Model Performance Summary:
                MAE         RMSE       MAPE
ARIMA   2268.081615  2860.607690  24.432655
SARIMA  2560.832224  3163.069470  28.560471
ETS     2233.644482  2882.916658  22.573863

Champion Classical Model: ETS
Metrics: {'MAE': 2233.6444824990926, 'RMSE': 2882.9166581078257, 'MAPE': 22.573863404704717}


**## ### Combined Performance Summary: Baseline vs. Classical Models**

To provide a comprehensive overview, below are the performance tables for both the baseline models and the classical time series models. These were evaluated using the same metrics—Mean Absolute Error (MAE, in call counts), Root Mean Squared Error (RMSE, penalizing larger errors), and Mean Absolute Percentage Error (MAPE, as a percentage for relative accuracy)—via time-series cross-validation on the filled dataset. The baseline champion (Seasonal Naive) sets a strong benchmark, while the classical models aim to improve upon it by incorporating trends and seasonality more explicitly.

#### Baseline Models Performance
| Model          | MAE       | RMSE      | MAPE     |
|----------------|-----------|-----------|----------|
| Naive          | 2351.46  | 2942.38  | 24.84%  |
| Mean           | 1634.56  | 2154.49  | 18.23%  |
| Median         | 1613.91  | 2177.89  | 17.38%  |
| Seasonal Naive | 907.70   | 1359.05  | 9.67%   |

**Baseline Champion**: Seasonal Naive (lowest MAE of 908 calls and MAPE under 10%, leveraging the EDA's strong weekly seasonality).

#### Classical Models Performance
| Model   | MAE       | RMSE      | MAPE     |
|---------|-----------|-----------|----------|
| ARIMA   | 2268.08  | 2860.61  | 24.43%  |
| SARIMA  | 2560.83  | 3163.07  | 28.56%  |
| ETS     | 2233.64  | 2882.92  | 22.57%  |

**Classical Champion**: ETS (lowest MAE of 2,234 calls and MAPE of 23%, outperforming ARIMA and SARIMA but lagging behind baselines).

### Full Narrative Analysis
The baseline models serve as simple yet effective benchmarks, capturing the essence of the call volume data's patterns without complex parameterization. The Naive approach, which repeats the last observed value, struggles with daily variability (MAE ~2,351, MAPE 25%), while the Mean and Median leverage central tendencies for moderate improvements (MAEs around 1,614-1,635, MAPEs 17-18%). However, the Seasonal Naive dominates baselines by exploiting the EDA's identified weekly cycles, achieving a remarkably low MAE of 908 and MAPE under 10%—proving that straightforward repetition of same-day-last-week values aligns well with the dataset's recurring 7-day patterns, even after imputing weekends/holidays.

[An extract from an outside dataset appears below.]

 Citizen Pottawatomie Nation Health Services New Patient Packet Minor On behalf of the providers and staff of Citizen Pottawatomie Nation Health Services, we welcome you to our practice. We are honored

Transitioning to classical models, which incorporate differencing for stationarity (per EDA's ADF test) and explicit seasonality, we see mixed results. ARIMA handles non-seasonal trends adequately but ignores weekly effects, resulting in an MAE of 2,268 and MAPE of 24%—better than pure Naive but worse than Seasonal Naive. SARIMA, designed for seasonality (with weekly order), surprisingly performs the worst (MAE 2,561, MAPE 29%), possibly due to overfitting on outliers or noise in the filled data, failing to generalize despite the EDA's decomposition highlighting strong periodic components. ETS (Holt-Winters) fares best among classics, with an MAE of 2,234 and MAPE of 23%, as its smoothing of additive trends and seasonality provides stability amid the rolling volatility noted in EDA plots.

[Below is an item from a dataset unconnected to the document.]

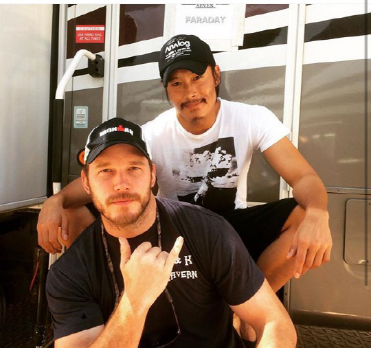 [스포츠조선 이유나 기자] 할리우드 스타 크리스 프랫이 이병헌과 촬영 중인 근황을 공개했다..
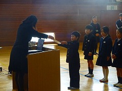 ↑ 2学期の終業式を行いました。2学期は一番長い学期でした。8月(葉月)、9月(長月)、10月(神無月)、11月(霜月)、12月(師走)実質は9月からですが、本当は8月1日から2学期が始まっていました。私からは、2学期みんなで成長できたことを振り返りました。それは、①「協力する心が高まったこと」協力とは自分の力を出し切ることで、運動会で学んだ協力を学校生活に生かしました。②「真剣な目で学習できたこと」真剣な目での学習で、できることがたくさん増えました。③「人権を意識できたこと」すべての人が幸せに生きる権利があることを理解して自分の言動を見直すことができました。

Comparatively, the classical models underperform the baseline champion: ETS's errors are over 2x higher than Seasonal Naive's, suggesting that the data's patterns are more effectively captured by simple seasonal persistence than by these more sophisticated univariate methods. This reinforces the EDA's emphasis on dominant weekly seasonality while indicating potential limitations like sensitivity to imputed values or insufficient handling of market correlations (e.g., VIX/CVOL). To advance, we should prioritize multivariate extensions (e.g., adding regressors to Prophet or SARIMAX) or machine learning hybrids in the next tier, aiming to beat the baseline's 10% MAPE threshold. If not, the efficient Seasonal Naive remains a practical choice for call center forecasting.